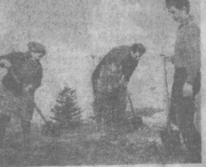
развернуть соревнование за образцовое содержание квартир, дворов, придомовых участков.

ЭТИ дома расположены рядом. Живут в них люди разных профессий. Все они стремятся к тому, чтобы вокруг домов было чисто и уютно. Единодушно поддержали жильцы обращение домового комитета при ЖК № 27:
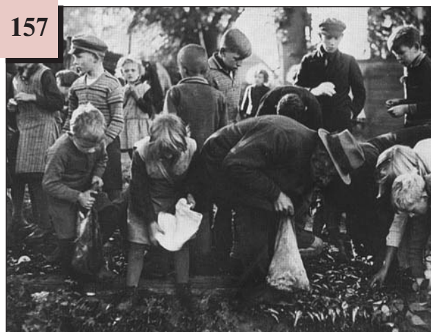
Люди порпаються у смітнику. Німеччина, 1930-ті рр.
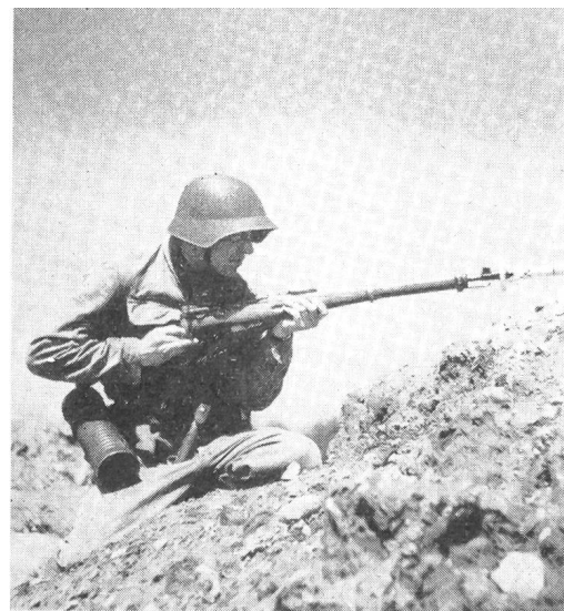
Die Panzerabwehr mit der Panzer-Wurfgranate, die 1950 in das außerdienstliche Arbeitsprogramm des SUOV aufgenommen wurde, ist in allen Unteroffiziersvereinen zu einer beliebten Disziplin geworden. Diese Aufnahme wurde anlässlich der SUT-Vorbereitungen in einer der 136 Sektionen des SUOV aufgenommen.

Die Kampfgruppenführung am Sandkasten ist eine der wertvollsten Disziplinen außerdienstlicher Tätigkeit des Schweizerischen Unteroffiziersverbandes. Sie stellt die Unteroffiziere, entsprechend ihrer Waffengattung und Gradfunktion, vor eine taktische Situation. Die Übungen umfassen die Führung von kleinen Verbänden, wie Gruppe, Patrouille, gemischte Detachements in höchstens Zugstärke. Der Konkurrent erhält auf dem Aufgabenbüro 12 Minuten vor Beginn der Prüfung einen verschlossenen Umschlag, auf welchem die Sandkastenummer angegeben ist, die Ausgangslage, der erste Auftrag und die Aufgabennummer. Er begibt sich hierauf in das Vorbereitungszimmer, wo er den Umschlag öffnen darf und rund 10 Minuten Zeit hat, sich an Hand eines Orientierungs-Sandkastens das Gelände und die allgemeine Lage einzuprägen und den ersten Auftrag zu überlegen. Genau auf die vorgesehene Prüfungszeit steht er vor seinem Prüfungszimmer, um sich auf Abruf beim Kampfrichter zu
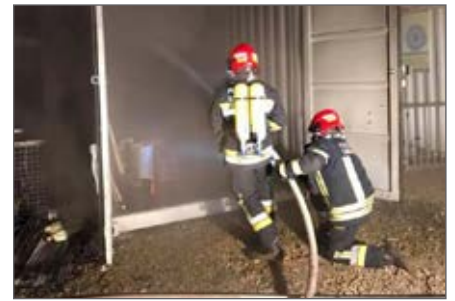
Brandensatz im Gewerbegebiet
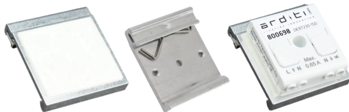
808977 DIN-Tragschienen-Adapter klein DIN rail adapter small

Größe 207 x 66 x 30 mm Size 207 x 66 x 30 mm
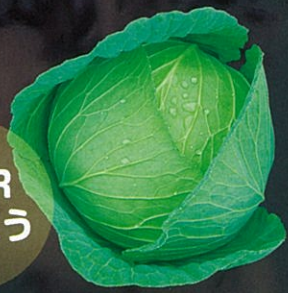
揃いの良い高品質キャベツ
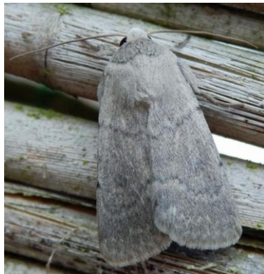
Caradrina gilva (Donzel, 1837), Hasselt (LI), 05.vi.2011, leg. en © C. Vanderydt.

Callopietria juvenina : 1 ex op 16.vii.2014 te Chiny, leg. K. Lock. Nadien ook op andere plaatsen in de Gaume. Nieuw voor LX.
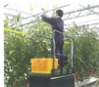
大型施設内での高所作業に活躍します。
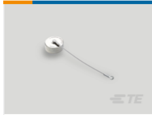
TE 产品编号YDTS33Z13RV0010000 CAP ASSEMBLY
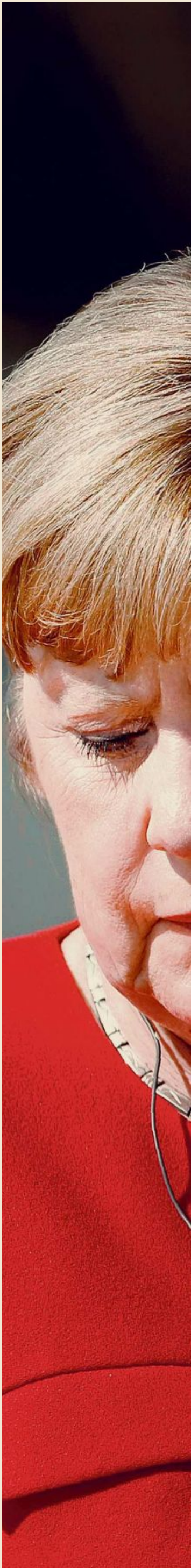
Angela Merkel fehlt es in der EU-Politik etwas an Großzügigkeit.

Wer wäre also besser für die gemeinsame Zukunft in der Europäischen Union? Vermutlich eine Mischung aus beiden Politikern mit ihren jeweils sehr speziellen EU-Erfahrungen. Dem lauten europäischen Romantiker Schulz würde die Regierungserfahrung und die vernünftige Kontrolliertheit der Kanzlerin guttun. Die risiko- und visionsarme Merkel könnte einiges von der Leidenschaft, der rhetorischen Kraft des SPD-Chefs brauchen. Vielleicht kommt das sogar, sollte Merkel Kanzlerin bleiben und Schulz etwa Außenminister und ihr EU-Antreiber werden. Das Gespann würde in gewisser Weise an Kohl und Hans-Dietrich Genscher erinnern.
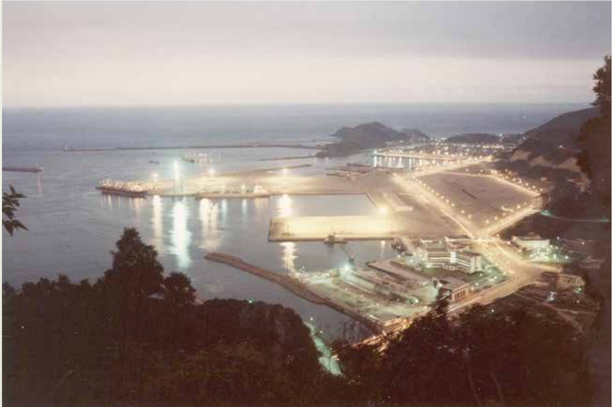
蘇澳港第2期工程完成後，港區璀璨的夜色。

蘇澳港第2期工程，自68年元月開工，至72年6月全部完工，至此蘇澳港建港計畫已全部如期達成預定目標。
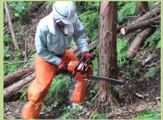
伐倒講習：受口づくりの状況
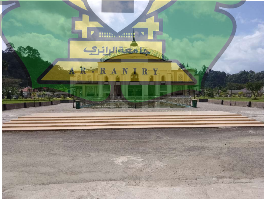
Gambar 1. 1 Masjid Agung Tengku Khalilullah Kabupaten Simeulue

Setiap kota memiliki tempat beribadah masing-masing yang dapat dijumpai oleh pengunjung. Kabupaten Simeulue merupakan kabupaten yang berada di bagian kepulauan Provinsi Aceh yang memiliki masjid terbesar di Kabupaten Simeulue yaitu Masjid Agung Tengku Khalilullah. Masjid ini terletak di pusat kota yang menjadi tempat wisata religi bagi masyarakat dari berbagai Kecamatan di Kabupaten ini dan masyarakat dari tempat lain.
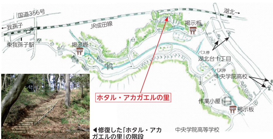
◀修復した「ホテル・アカガエルの里」の階段
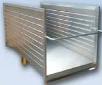
Transportwagen mit offenen Stirnwänden
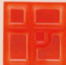
⑥ 1-450-12 P.S.W-4 8.5寸角 P.S朱仕切薄型 1ヶ ¥43
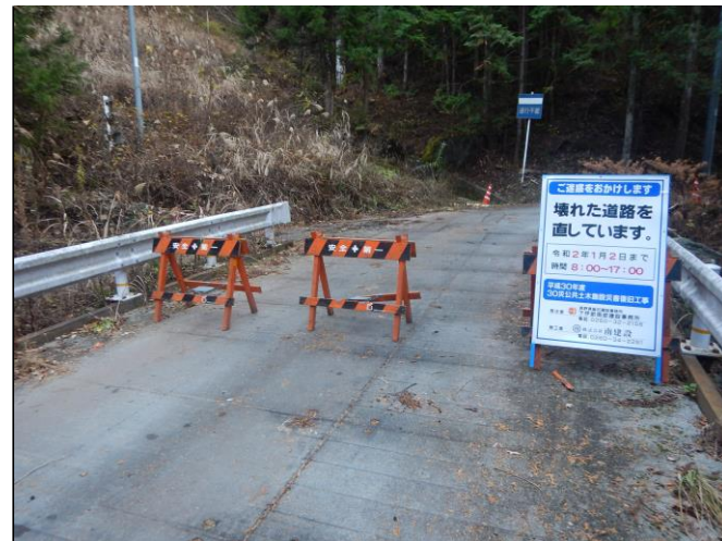
工事現場への立ち入り禁止柵
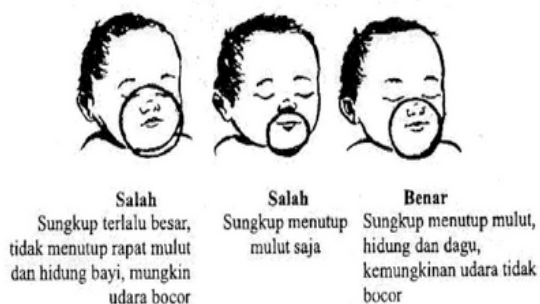
Gambar cara memasang sungkup

Pasang dan pegang sungkup agar menutupi dagu, mulut dan hidung.
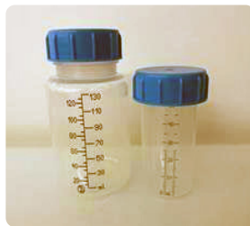
כוסיות לחלב אם
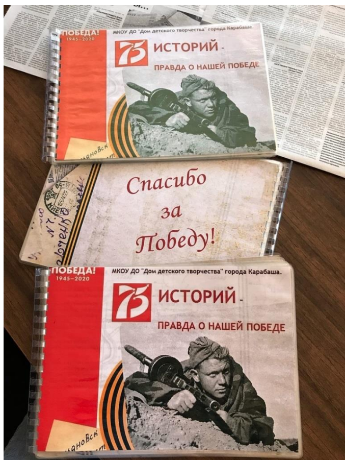
Сборник- результат работы
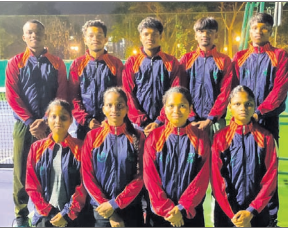
କିସ୍ ବିଶ୍ୱବିଦ୍ୟାଳୟ ମହିଳା ଓ ପୁରୁଷ ଟେନିସ୍ ଦଳ।

ମହିଳା ଦଳରେ ସେଷ୍ଟିଅନ ଟେକପୁର ବିଶ୍ୱବିଦ୍ୟାଳୟକୁ ବିଶ୍ୱବିଦ୍ୟାଳୟକୁ କିସ୍ ଏବଂ ଡିଡିୟୁ ବିଶ୍ୱବିଦ୍ୟାଳୟକୁ କିସ୍, ସେଷ୍ଟିଅନ ବିଶ୍ୱବିଦ୍ୟାଳୟକୁ ମହିଳା ଦଳକୁ କିଟ୍ ପରାସ୍ତ କରିଛି। ସେହିପରି ଏମ୍‌ଜି କାଶୀ ବିଦ୍ୟାପୀଠକୁ ବିଶ୍ୱବିଦ୍ୟାଳୟ ଏବଂ ସୋଆ ହରାଇଛି ପଶ୍ଚିତ ରବିଶଙ୍କର ଶୁକ୍ଳା ବିଶ୍ୱବିଦ୍ୟାଳୟ ପଶ୍ଚିତ ରବିଶଙ୍କର ଶୁକ୍ଳା ବିଶ୍ୱବିଦ୍ୟାଳୟ ପରାସ୍ତ କରିଛି।
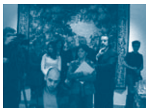
Persconferentie in de Fortis-bank, Meir, Antwerpen.
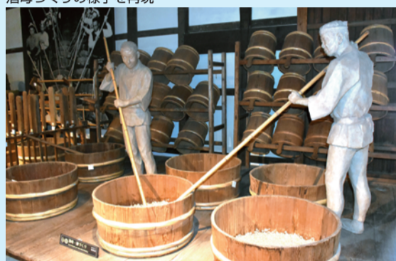
酒母づくりの様子を再現

高さ2.3mあり5400ℓ(30石)入るそうです。最後に四斗樽(72ℓ)に詰められ、出荷されます。館内には1995(平成7)年の阪神・淡路大震災で全壊した旧酒蔵館の様子も展示し、震災の記憶を伝えています。
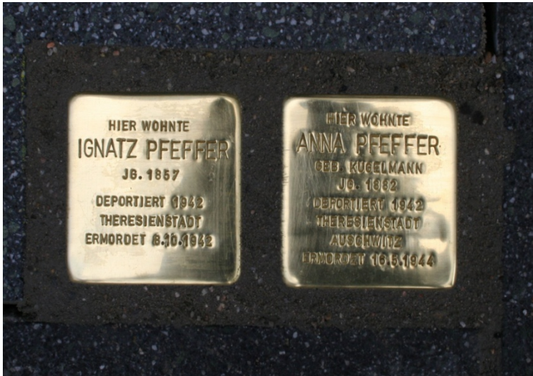
Abb. 101: Stolpersteine für das Ehepaar Pfeffer in Gießen, welche am 26. April 2008 vor dem einstigen Wohnhaus von Ignatz Pfeffer und Anna, geb. Kugelmann verlegt wurden.
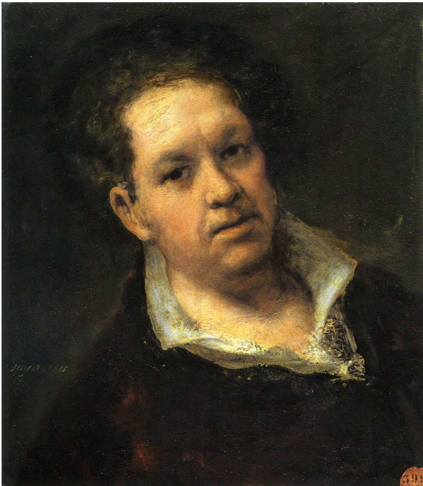
Önarckép 69 évesen

1819-ben újabb hosszantartó, súlyos betegségben szenvedett, de barátja, Arrieta doktor gondos, kitartó ápolásának köszönhetően életben maradt. 73 éves. Megvásárolta Madrid közelében a Quinta del Sordót (A süket házát) és 1820–23 között
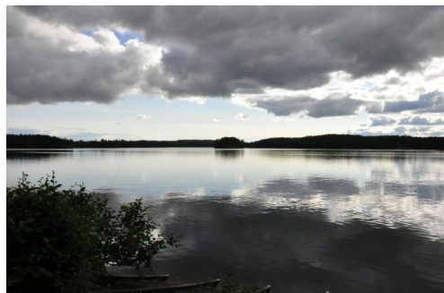
2. Skåda ut över Öjevettern vid Udden.
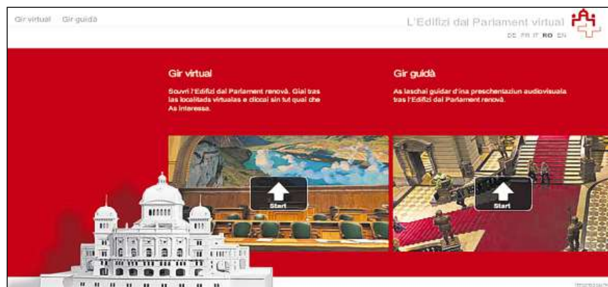
Il portal www.parlamentsgebäude-tour.ch porscha in gir virtual tras l'Edifizi dal Parlament en tuttas quatter linguas naziunales.

Dapli infurmaziuns: chatta.ch/?hiid=2663 www.chattà.ch
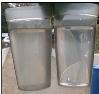
Anti-dépôt de calcaire dans l'eau industriel
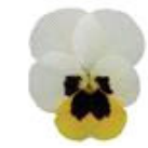
Lemon Ice Blotch
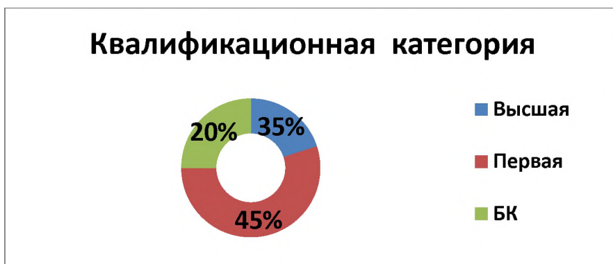
Диаграмма с характеристиками кадрового состава МБДОУ № 22

Курсы повышения квалификации в 2021 году прошли: заведующий, заместитель заведующего по ВМР, учитель-дефектолог-1; воспитатели - 8;
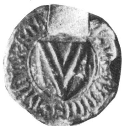
Fig. 48. Johannes Rot 15. VI. 1411.

Belege: Urkunde No. 398 und 400 des Staatsarchives Schwyz, vom 9. März und 23. April 1437 (Schiedsspruch der 19 eidg. Boten zwischen Zürich und dem Grafen von Toggenburg einerseits und den Ländern Schwyz und Glarus anderseits), Urfehde des Marti Truk, vom 5. Januar 1426 (Staatsarchiv Luzern), Gerichtsspruch wegen einem Haus in Spiringen, vom 5. Juni 1427 (Staatsarchiv Uri, No. 104), Gerichtsurteil vom 28. Juni 1428 betreffend Alprecht in Ursern des Anton Spilmatter von Wassen (Talarchiv Ursern).
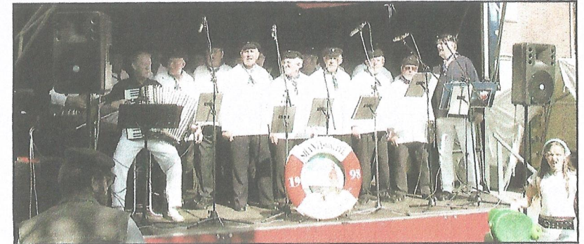
Maritimes: Die Shanty-Gruppe aus Port Arthur/Transvaal
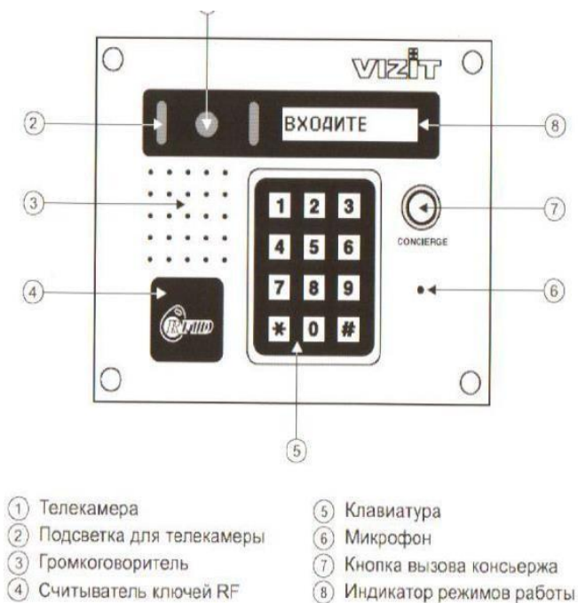
Рис. 5. Внешний вид и органы управления блока «VIZIT».
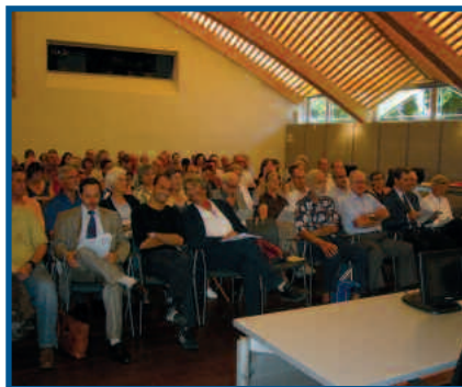
Un auditoire attentif lors de l'Assemblée générale à Nyon
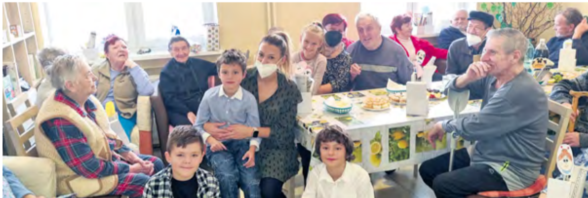
Deti rozžiarili srdcia starších

Nadišiel výnimočný deň, keď sa po dlhom čase opäť otvorili dvere nášho zariadenia pre milé detské tváre, ktoré navštívili našich klientov, aby im urobili radosť.
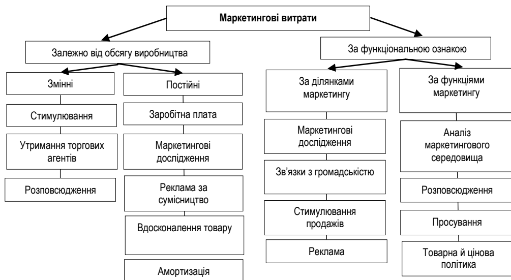
Рис. 1. Класифікація маркетингових витрат підприємства*

Ющак Ж. М. вважає, що доцільно розглядати маркетингові витрати за ділянками та за функціями маркетингу, що відображено на рис. 1 [15].
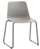
Sled base Pie de varilla
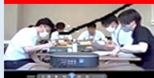
再開した集合研修

*WORK TO COMPLETE:*
Copy every line from the records above that contains the word "Gambar".

*OUTPUT:*
Gambar 1. 1 Masjid Agung Tengku Khalilullah Kabupaten Simeulue
Gambar cara memasang sungkup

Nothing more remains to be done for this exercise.